**WHAT YOU WILL DO:**
Please copy out the entries exactly, skipping any pictures.

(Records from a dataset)
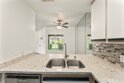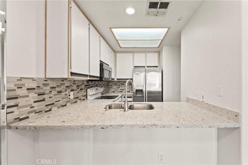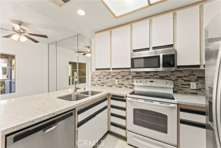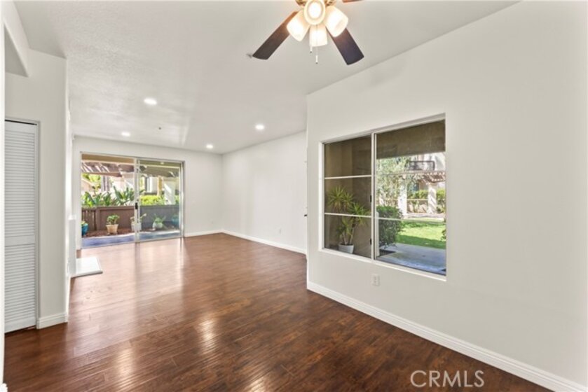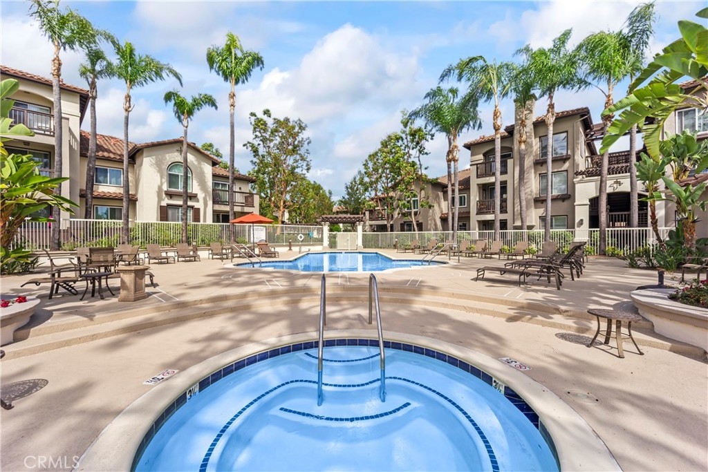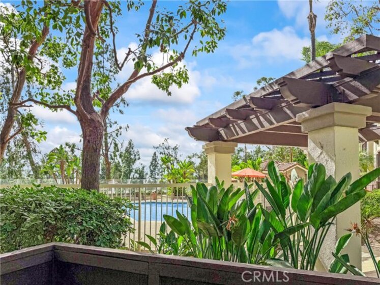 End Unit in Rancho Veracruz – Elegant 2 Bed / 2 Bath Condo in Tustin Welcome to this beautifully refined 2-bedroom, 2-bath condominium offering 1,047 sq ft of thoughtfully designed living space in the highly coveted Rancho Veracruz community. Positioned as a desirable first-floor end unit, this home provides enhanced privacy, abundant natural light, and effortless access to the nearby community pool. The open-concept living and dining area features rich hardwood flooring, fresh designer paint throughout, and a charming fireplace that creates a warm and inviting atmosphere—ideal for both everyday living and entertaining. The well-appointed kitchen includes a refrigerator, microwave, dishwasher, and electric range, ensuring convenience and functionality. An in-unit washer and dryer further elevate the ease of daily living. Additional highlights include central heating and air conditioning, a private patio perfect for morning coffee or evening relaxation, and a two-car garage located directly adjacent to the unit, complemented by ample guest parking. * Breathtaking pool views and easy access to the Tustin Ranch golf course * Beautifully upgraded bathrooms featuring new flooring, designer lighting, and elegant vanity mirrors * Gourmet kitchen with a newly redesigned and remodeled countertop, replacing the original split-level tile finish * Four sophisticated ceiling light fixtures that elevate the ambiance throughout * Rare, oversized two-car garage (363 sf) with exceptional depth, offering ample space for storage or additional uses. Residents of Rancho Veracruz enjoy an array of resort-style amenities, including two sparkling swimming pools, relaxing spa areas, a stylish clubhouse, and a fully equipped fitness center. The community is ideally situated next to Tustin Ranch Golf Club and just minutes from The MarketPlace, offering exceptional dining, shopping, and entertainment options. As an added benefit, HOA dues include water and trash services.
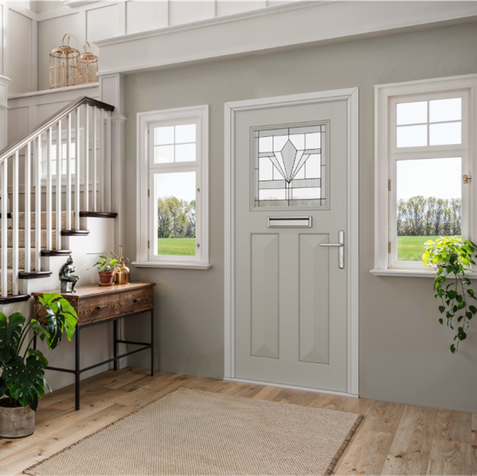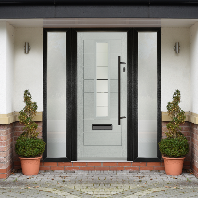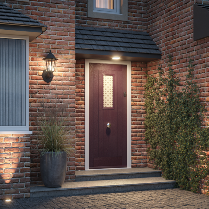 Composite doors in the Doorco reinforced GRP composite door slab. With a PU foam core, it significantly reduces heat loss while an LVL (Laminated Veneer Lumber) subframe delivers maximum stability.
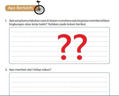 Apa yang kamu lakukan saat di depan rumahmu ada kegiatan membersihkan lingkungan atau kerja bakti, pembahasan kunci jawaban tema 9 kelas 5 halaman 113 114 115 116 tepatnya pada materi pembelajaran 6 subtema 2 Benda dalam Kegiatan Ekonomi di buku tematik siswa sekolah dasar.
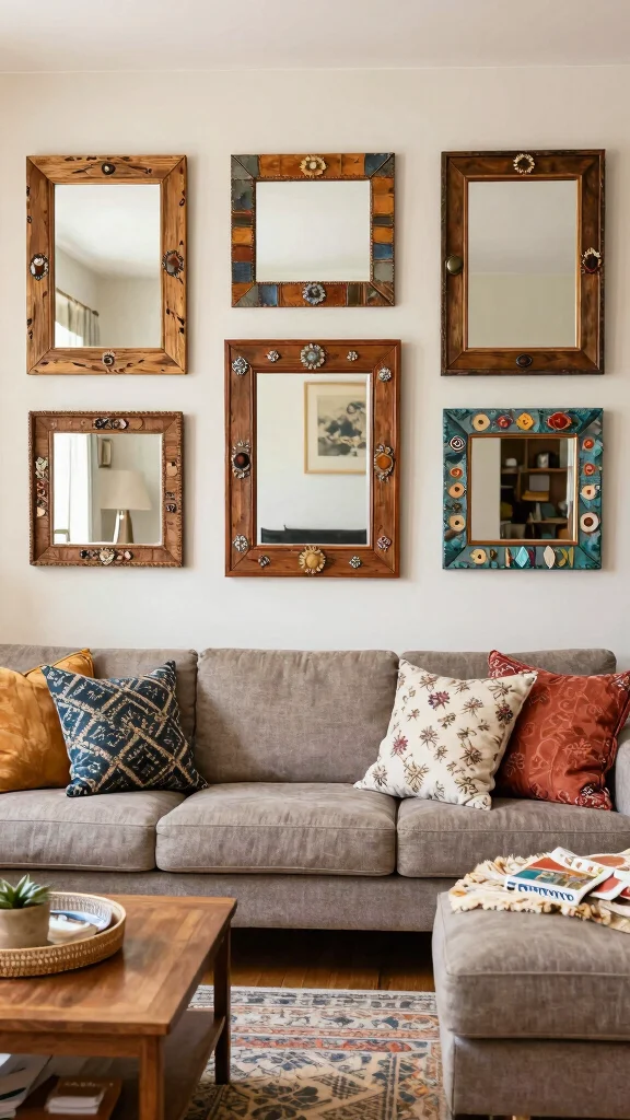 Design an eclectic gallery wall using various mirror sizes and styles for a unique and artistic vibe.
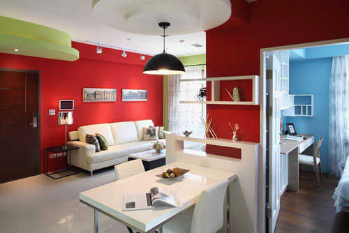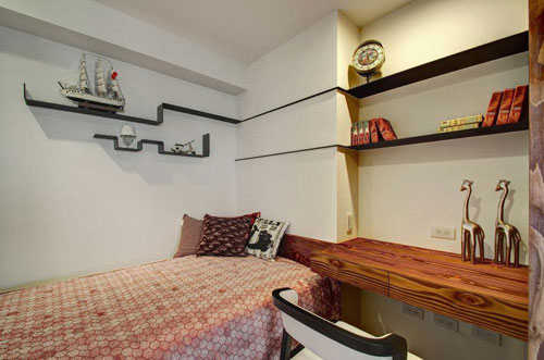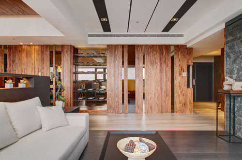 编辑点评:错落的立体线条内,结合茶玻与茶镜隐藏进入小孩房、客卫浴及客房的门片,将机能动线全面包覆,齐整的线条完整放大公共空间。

**WRITTEN RESPONSE:**
 End Unit in Rancho Veracruz – Elegant 2 Bed / 2 Bath Condo in Tustin Welcome to this beautifully refined 2-bedroom, 2-bath condominium offering 1,047 sq ft of thoughtfully designed living space in the highly coveted Rancho Veracruz community. Positioned as a desirable first-floor end unit, this home provides enhanced privacy, abundant natural light, and effortless access to the nearby community pool. The open-concept living and dining area features rich hardwood flooring, fresh designer paint throughout, and a charming fireplace that creates a warm and inviting atmosphere—ideal for both everyday living and entertaining. The well-appointed kitchen includes a refrigerator, microwave, dishwasher, and electric range, ensuring convenience and functionality. An in-unit washer and dryer further elevate the ease of daily living. Additional highlights include central heating and air conditioning, a private patio perfect for morning coffee or evening relaxation, and a two-car garage located directly adjacent to the unit, complemented by ample guest parking. * Breathtaking pool views and easy access to the Tustin Ranch golf course * Beautifully upgraded bathrooms featuring new flooring, designer lighting, and elegant vanity mirrors * Gourmet kitchen with a newly redesigned and remodeled countertop, replacing the original split-level tile finish * Four sophisticated ceiling light fixtures that elevate the ambiance throughout * Rare, oversized two-car garage (363 sf) with exceptional depth, offering ample space for storage or additional uses. Residents of Rancho Veracruz enjoy an array of resort-style amenities, including two sparkling swimming pools, relaxing spa areas, a stylish clubhouse, and a fully equipped fitness center. The community is ideally situated next to Tustin Ranch Golf Club and just minutes from The MarketPlace, offering exceptional dining, shopping, and entertainment options. As an added benefit, HOA dues include water and trash services.
 Composite doors in the Doorco reinforced GRP composite door slab. With a PU foam core, it significantly reduces heat loss while an LVL (Laminated Veneer Lumber) subframe delivers maximum stability.
 Apa yang kamu lakukan saat di depan rumahmu ada kegiatan membersihkan lingkungan atau kerja bakti, pembahasan kunci jawaban tema 9 kelas 5 halaman 113 114 115 116 tepatnya pada materi pembelajaran 6 subtema 2 Benda dalam Kegiatan Ekonomi di buku tematik siswa sekolah dasar.
 Design an eclectic gallery wall using various mirror sizes and styles for a unique and artistic vibe.
 编辑点评:错落的立体线条内,结合茶玻与茶镜隐藏进入小孩房、客卫浴及客房的门片,将机能动线全面包覆,齐整的线条完整放大公共空间。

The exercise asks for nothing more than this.